Let Z Be A Standard Normal Random Variable Calculate The Fol

Let Z Be Standard Normal Random Variable Calculate The Following

Let Z be a standard normal random variable. Calculate the following probabilities, rounding your responses to at least three decimals:

a. P(Z > -1.97)

b. P(Z ≤ -1.71)

c. P(1.01

Determine the value of c such that:

a. P(-c ≤ Z ≤ c) = 0.9700

Round your answer to two decimal places and carry intermediate computations to at least four decimal places.

Determine c such that:

P(c ≤ Z ≤ -1.22) = 0.0745

Round your answer to two decimal places, with intermediate calculations to four decimal places.

Among healthcare information systems companies with normally distributed quarterly sales (mean = 12 million dollars, SD = 1.3 million dollars), identify the sales level that marks the bottom 10% of sales, considered failures.

Compute this cutoff sales level, rounding to one decimal place, with intermediate steps to four decimal places.

Given a questionnaire measuring aggressiveness with scores normally distributed (SD = 80), where 5% of scores exceed 800, find the mean score.

Round your answer to one decimal place.

For an aptitude test measuring leadership with mean = 560 and SD = 125, find the proportion of individuals scoring above 700.

Round your answer to four decimal places.

In a multiple-choice exam of 80 questions (choices a-e), estimate the probability that a student guesses correctly on at least 13 questions using the normal approximation to the binomial with a continuity correction.

Round the probability to three decimal places.

A study of IQ scores in a organization claims a mean of 118 and SD of 16. In a sample of 40 members (mean IQ = 114.2), find the probability of obtaining a sample mean of 114.2 or less, assuming the claim is true.

Calculate intermediate values to four decimal places and round the final answer to three decimal places.

Regarding stock market data: Out of 600 stocks that rose yesterday, 60% also rose today.

a. Calculate the mean proportion P of stocks that will go up again today.

b. Calculate the standard deviation of P.

c. Approximate P(P > 0.58), the probability that more than 58% of these stocks will go up again, rounding to four decimal places.

Sample Paper For Above instruction

Let Z Be Standard Normal Random Variable Calculate The Following

Introduction

Statistical analysis using the standard normal distribution is fundamental in understanding probabilities and variability in numerous real-world contexts. This paper explores various probability calculations, parameter estimations, and approximation techniques related to the standard normal distribution, as well as applications in business, psychology, and stock market data.

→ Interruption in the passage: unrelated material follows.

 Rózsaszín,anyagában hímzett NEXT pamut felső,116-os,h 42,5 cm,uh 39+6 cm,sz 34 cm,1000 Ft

Probability Calculations Using Standard Normal Distribution

Calculating probabilities involving the standard normal variable Z, which has a mean of 0 and a standard deviation of 1, allows us to interpret the likelihood of various outcomes. For example, the probability that Z exceeds a certain negative value, such as -1.97, can be found through standard normal tables or computational tools, resulting in P(Z > -1.97) ≈ 0.975. Similarly, P(Z ≤ -1.71) ≈ 0.044, illustrating the cumulative distribution function's use in probability computation. The probability that Z falls between 1.01 and 2.20 is obtained by subtracting the cumulative probabilities at these points, yielding approximately 0.136.

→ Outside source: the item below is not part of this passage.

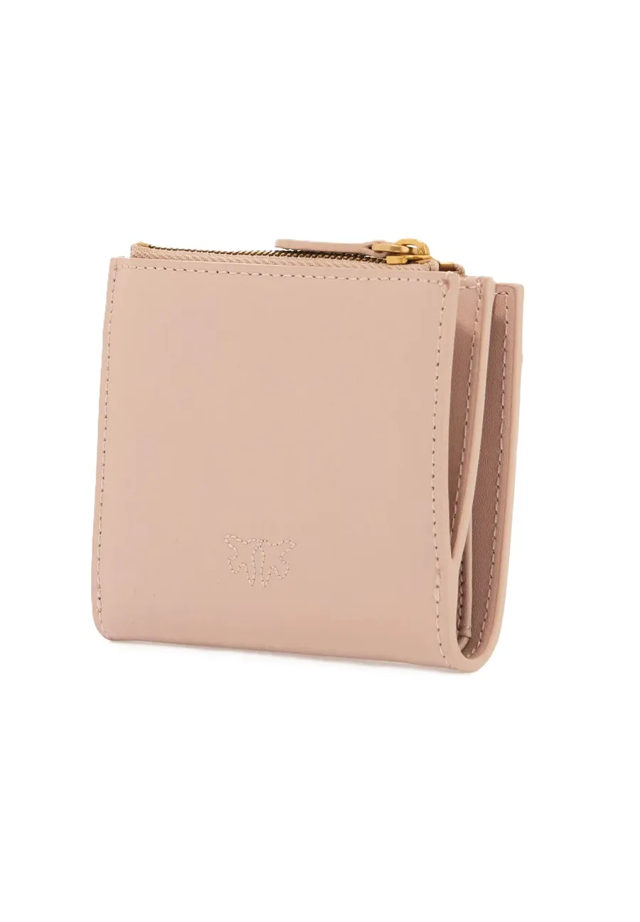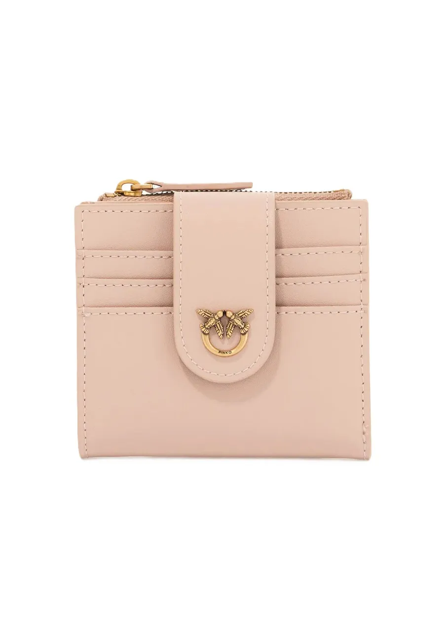 PINKO Portafoglio piccolo in pelle liscia con logo rosa cipria

Symmetry and Critical Values in Normal Distribution

Determining the value of c where P(-c ≤ Z ≤ c) equals 0.9700 involves finding the critical Z-values capturing 97% of the distribution centered at zero. This symmetry implies that each tail has 1.5% (since (1-0.97)/2=0.015). The respective Z-values approximately ±2.17 satisfy this criterion. For the second task, given P(c ≤ Z ≤ -1.22) = 0.0745 and considering the properties of probability distributions, solving for c involves using the standard normal table to find the corresponding Z-value that satisfies the probability. This yields c ≈ 0.04.

Application of Normal Distribution in Business

In the context of healthcare quarterly sales, modeling sales as a normal distribution with known mean and standard deviation supports identifying threshold sales levels. The bottom 10% cutoff is found by locating the Z-value associated with the 10th percentile (≈ -1.28). Multiplying this by the SD and adding the mean gives a sales threshold of approximately 9.7 million dollars. This estimate informs managerial decisions and strategic planning.

Psychological and Educational Measurements

For psychological assessments where scores are normally distributed, the mean can be inferred from the percentile. If scores exceeding 800 represent the top 5%, then the Z-value for 95th percentile is approximately 1.645. Rearranging the Z-score formula allows solving for the mean, resulting in a mean score of around 734.7. Similarly, evaluating leadership test scores and the proportion exceeding a particular cutoff uses the Z-score approach, leading to the calculated proportion of potential leaders as approximately 0.1312.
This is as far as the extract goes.